ECLI:NL:RBDHA:2024:4573
Rechtbank Den Haag
- Voorlopige voorziening
- Rechtspraak.nl
Afwijzing verzoek om voorlopige voorziening in vreemdelingenrechtelijke zaak
In de uitspraak van 12 maart 2024 heeft de voorzieningenrechter van de Rechtbank Den Haag, J.G. Nicholson, het verzoek om een voorlopige voorziening afgewezen. Dit verzoek was ingediend door verzoekster, de Staatssecretaris van Justitie en Veiligheid, vertegenwoordigd door mr. P.M.W. Jans. De zaak betreft een besluit van 2 juli 2019, waarin het bezwaar van verzoekster tegen een eerder besluit van 8 mei 2019 ongegrond werd verklaard. In dat eerdere besluit werd de aanvraag van verzoekster voor een verblijfsvergunning regulier voor bepaalde tijd, met het oog op verblijf bij haar partner, afgewezen. Tevens werd vastgesteld dat verzoekster geen afgeleid verblijfsrecht had op basis van artikel 20 van het VWEU.

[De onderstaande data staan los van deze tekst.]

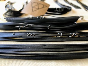 “Acessórios desenvolvidos através da conversão de material comumente descartado, câmaras de bicicleta. Transformação.O corte é feito a mão.”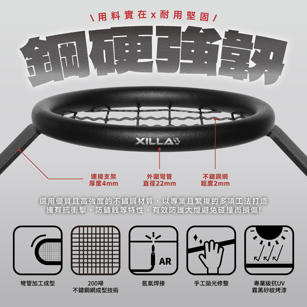 全系列表面經抗 UV 防鏽烤漆處理,耐候性佳、外觀持久如新。前架具多功能孔洞與擴充鎖孔,可加裝配件;波浪護網不影響照明亮度,同時防止飛石撞擊大燈,展現帥氣又實用的整體風格。

Verzoekster heeft beroep ingesteld tegen het bestreden besluit en verzocht om een voorlopige voorziening. De voorzieningenrechter heeft in zijn beoordeling vastgesteld dat de meervoudige kamer van de rechtbank in een eerdere uitspraak het beroep van verzoekster in een vergelijkbare zaak (zaaknummer AWB 19/5840) ongegrond heeft verklaard. Gezien deze beslissing in de hoofdzaak, was er volgens de voorzieningenrechter geen grond meer voor het treffen van de verzochte voorlopige voorziening. Het verzoek is dan ook afgewezen op basis van artikel 8:83, derde lid, van de Algemene wet bestuursrecht.
Daarnaast heeft de voorzieningenrechter geoordeeld dat er geen aanleiding is voor een proceskostenveroordeling. De uitspraak is openbaar uitgesproken en een afschrift is verzonden aan de betrokken partijen. Tegen deze uitspraak staat geen hoger beroep of verzet open.